They're just videos. But someone paid $100,000 for just one, NBA Top Shot has sold $11 million worth of "packs" and the cards in those packs traded for $70 million more on the secondary marketplace. 

I think there are two forces at work: one is a media force and one is a social force.
 
Media force
Wherever there was an industry there is now a "space." The art space. The sports space. The music space. The esports space. The fashion space.

A space, in the context of media and entertainment, means content, content about or consisting of or appealing to fans of that particular section of culture. Think about an activation around "the streetwear space." It will end up mostly as content.

And wherever there is content, it can be owned now, thanks to NFTs. 

Because content is eating industries that traditionally sell physical goods and turning them into spaces, the most beloved and hype-fueled spaces will become consumed with the buying and selling of digital content. 

Art and sports are just the first. 


In fashion, hyped up pieces are already traded like equities. In esports, fans are used to paying for badges that show how early or how dedicated they are to certain communities. In TV and film, gifs are regularly traded for free. 

I could easily see a Ninja digital collectible, like a video of a first or famous headshot or squad wipe, being minted as an NFT to be sold and re-sold as a digital collectible video.

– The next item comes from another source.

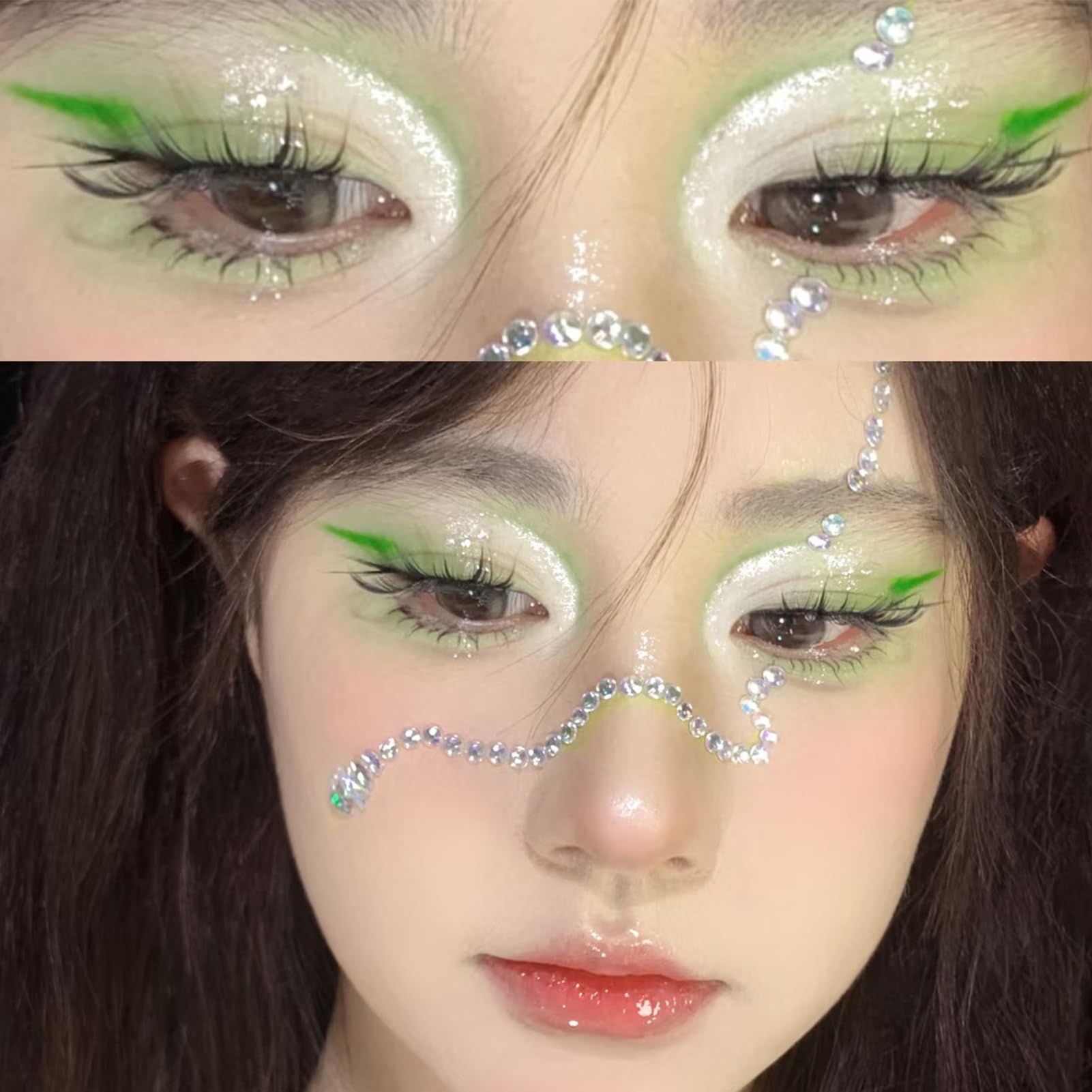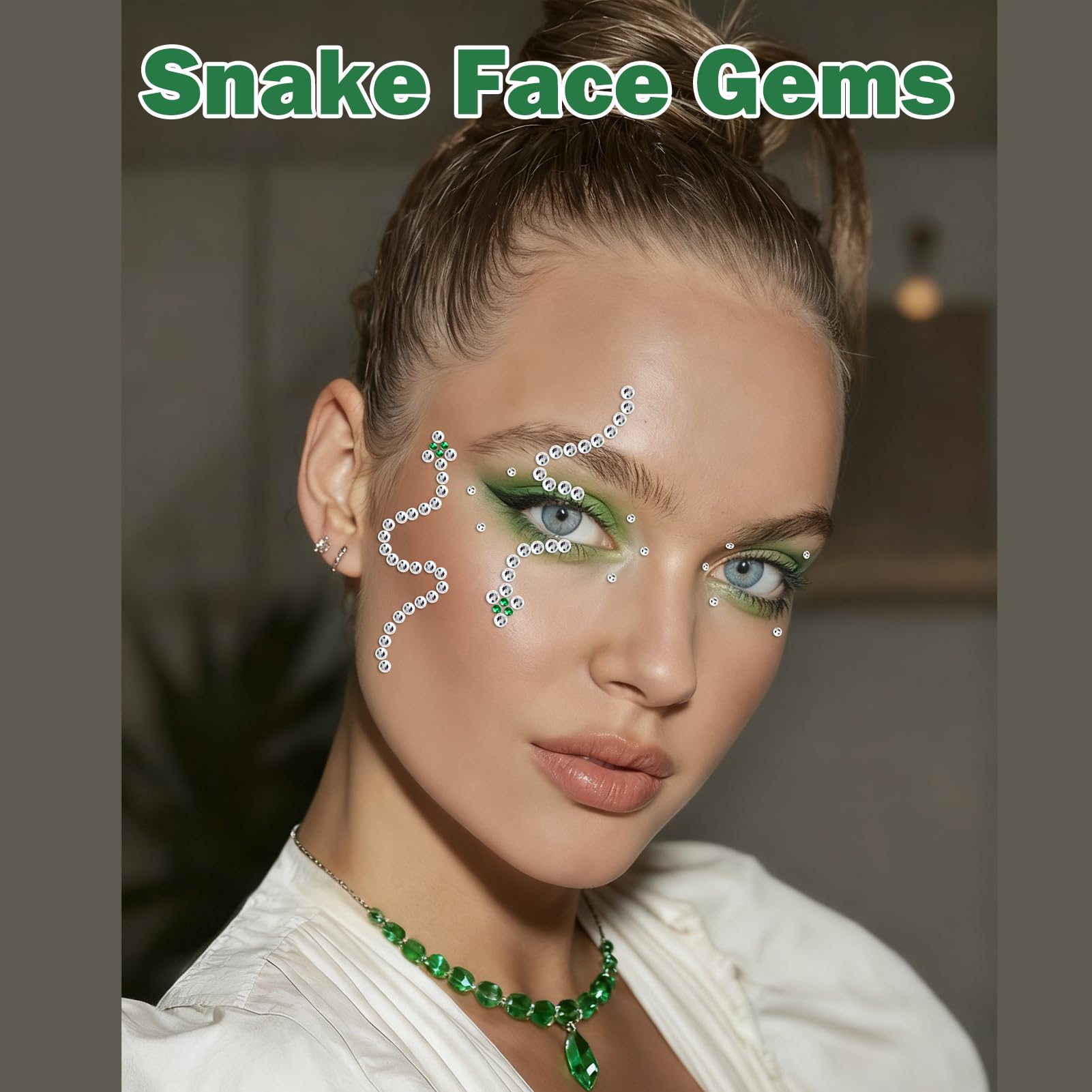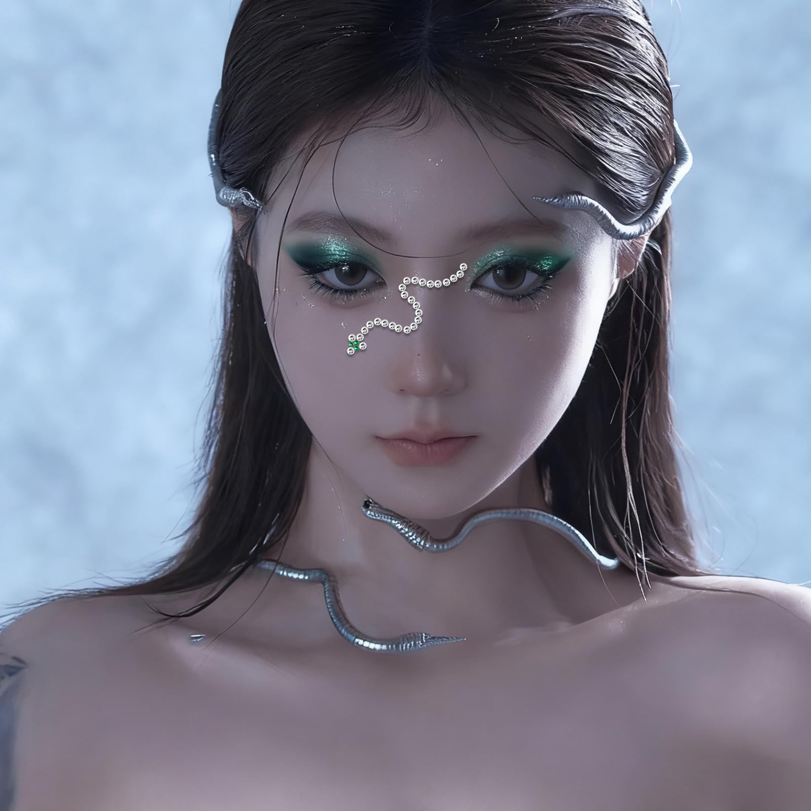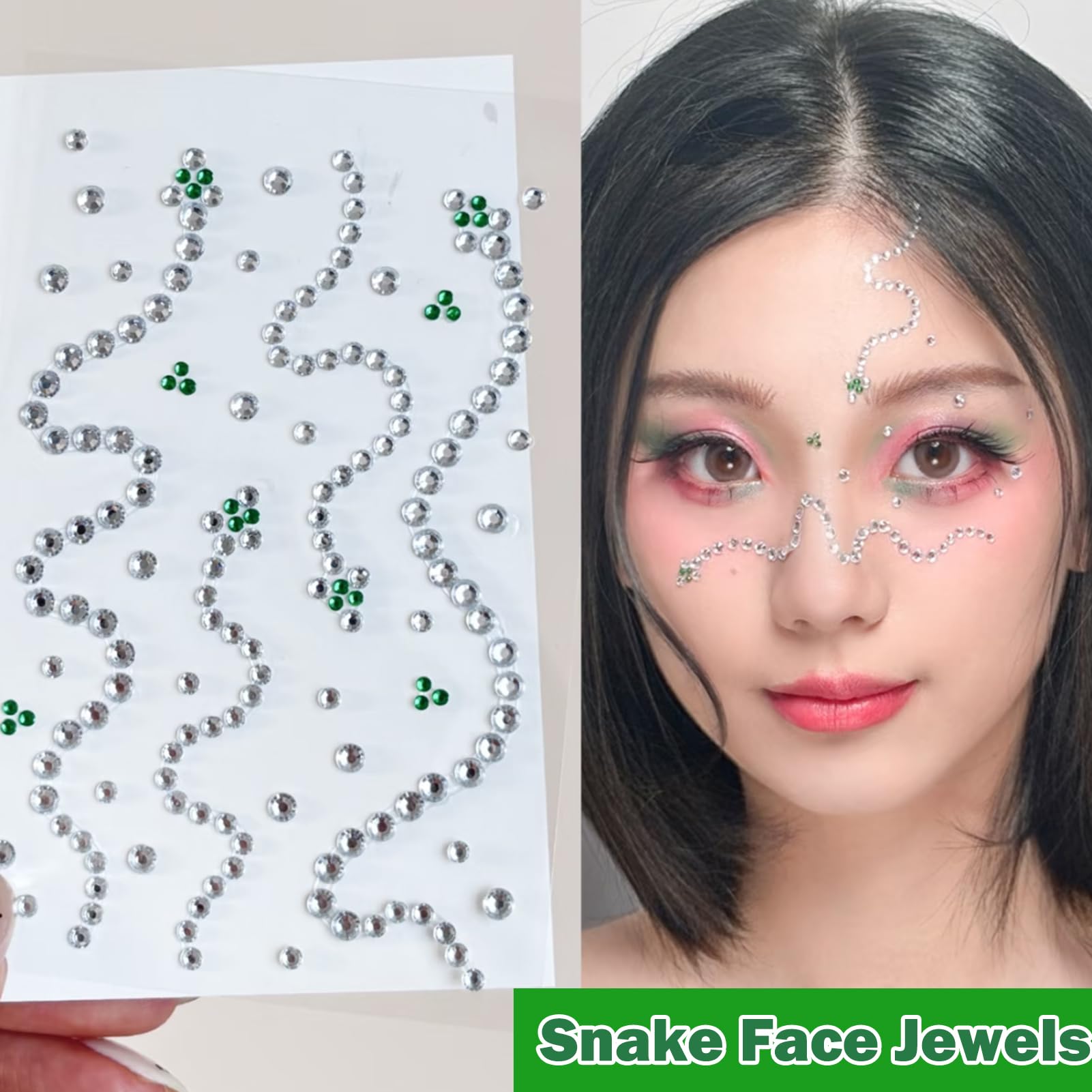 đăFace Gems Festival Accessories Package Includedă: Snake-shaped simulation art face gems, sparkling delicate silver drills arranged in curved and flexible curves, embellished with green eyes, with a strong visual impact, whether it's a cosplay party or Christmas, it can give you an unparalleled exotic style. The snake-shaped elements are even more charming.

Why not a piece of streetwear content, then? Or, merging music and fashion, a famous outfit from an iconic music video? Or a moment from, say, "The Office," declared original or authentic in some way by the show itself?


Social force
Important to NBA Top Shot's wild success is that these digital trading cards can be re-sold. 


Young people have very little to do right now, a certain amount of economic desperation and complete loss of faith in traditional systems. These are some of the same conditions that fueled the GameStop story and Bitcoin's rise to $50K. 

All three can look like a get-rich quick scheme for people obsessed with and committed to something enough to will it into being together. 

But all three stories are also about what Mark Cuban calls the store of value generation kicking your ass. It might be true in the case of NBA Top Shot. In the case of the art market, we'll see how much of an ass kicking the establishment takes when one of its members buys Beeple at Christie's for multiple millions and holds onto it. 

Shit you don't need to know


🌀
  • Malia Obama is writing for Donald Glover's new Amazon show. (THR)
  • Netflix probably employs 1,000 graphic designers but seemingly used Fiverr for this "Wednesday" poster. (Twitter)
  • Erewhon gets the Styles treatment. (NYT)

Shit you need to know


🌀
  • The Rock wants to be president. If you can't tell by watching what he puts out there, you're sleeping. (The Ringer)
  • Nintendo Direct livestream details. (Variety)
  • The only good creator of Fleets I've seen. (Twitter)
  • Matthew Hutson on AI. (TNY)
  • The insane eccentric billionaire villain vibes in this video interview with Valve co-founder Gabe Newell. (TVNZ)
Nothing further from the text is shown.